Glider
"In het verleden behaalde resultaten bieden geen garanties voor de toekomst"
About this blog

These are the ramblings of Matthijs Kooijman, concerning the software he hacks on, hobbies he has and occasionally his personal life.

Most content on this site is licensed under the WTFPL, version 2 (details).

Questions? Praise? Blame? Feel free to contact me.

My old blog (pre-2006) is also still available.

See also my Mastodon page.

Sun Mon Tue Wed Thu Fri Sat
     
18
       
Powered by Blosxom &Perl onion
(With plugins: config, extensionless, hide, tagging, Markdown, macros, breadcrumbs, calendar, directorybrowse, feedback, flavourdir, include, interpolate_fancy, listplugins, menu, pagetype, preview, seemore, storynum, storytitle, writeback_recent, moreentries)
Valid XHTML 1.0 Strict & CSS
Disabling (broken) sensors in Supermicro IPMI to prevent alarm beeps

A few months ago, I put up an old Atom-powered Supermicro server (SYS-5015A-PHF) again, to serve at De War to collect and display various sensor and energy data about our building.

The server turned out to have an annoying habit: every now and then it would start beeping (one continuous annoying beep), that would continue until the machine was rebooted.
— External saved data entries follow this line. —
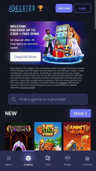 BB Casino toivottaa uudet tulokkaat tervetulleiksi huomattavalla bonuspaketilla, joka on voimassa kolmelle ensimmäiselle kasinotalletukselle.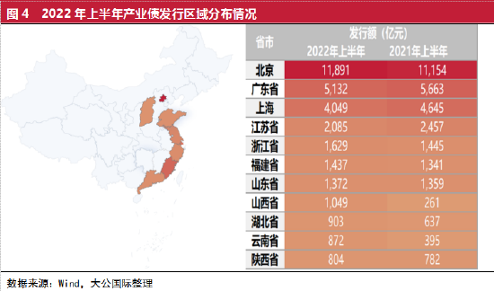 从区域分布方面来看,产业债发行规模处于前列的省市仍主要集中在经济发达省市。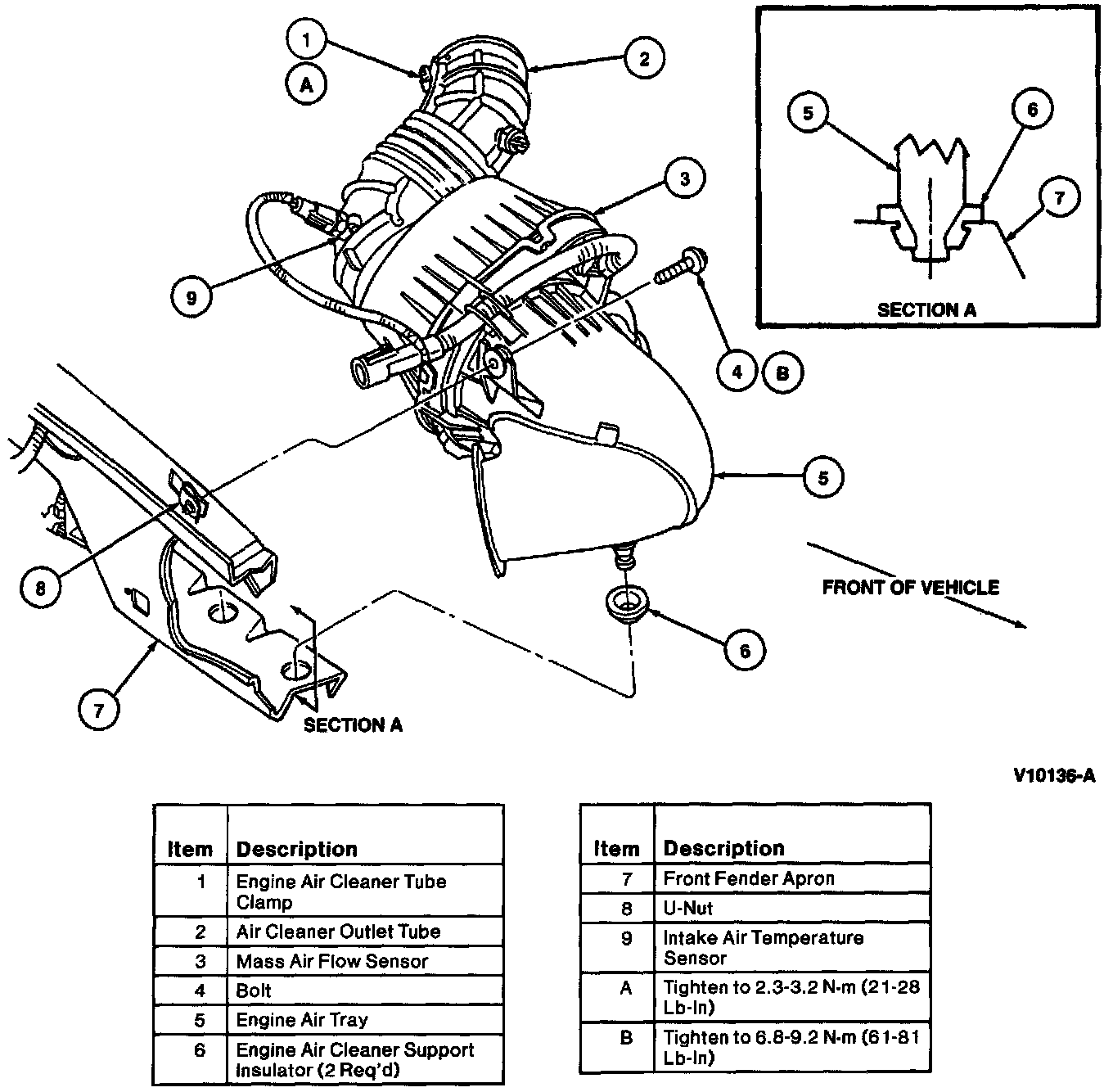 3. Loosen engine air cleaner tube clamps on air cleaner outlet tube. Disconnect air cleaner outlet tube from MAF sensor.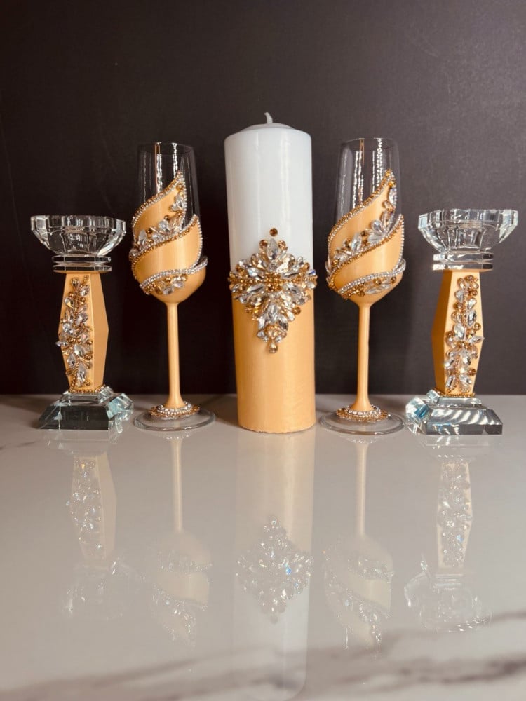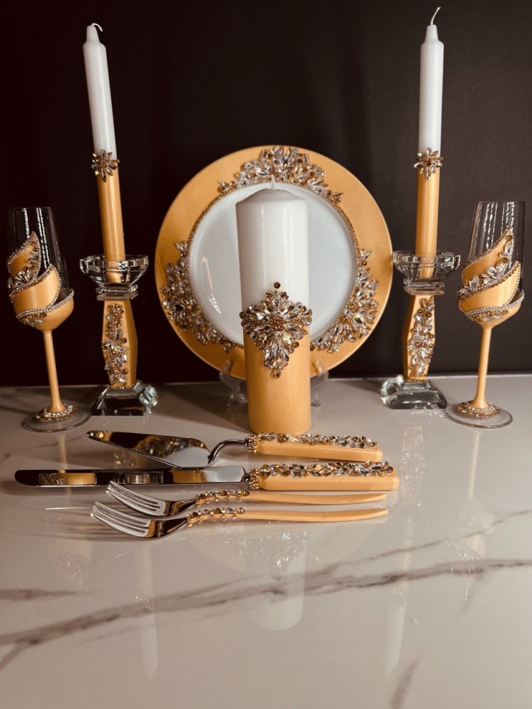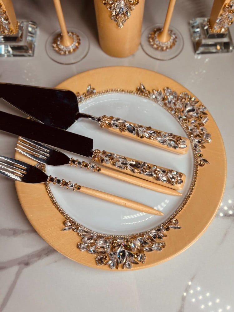 طقم الكيك الفاخر المرصع بالكريستالات للتزيد من فخامة الطقم تكسبه رونقا وجاذبية بتصاميم حصرية ومميزة وبألوان من إختيارك تناسب جميع الأذواق (قابل للغسيل وامكانية اعادة استخدامه)

It happened sporadically, but kept coming back. When I used this machine before, it was located in a datacenter where nobody would care about a beep more or less (so maybe it has been beeping for years on end before I replaced the server), but now it was in a server cabinet inside our local Fablab, where there are plenty of people to become annoyed by a beeping server...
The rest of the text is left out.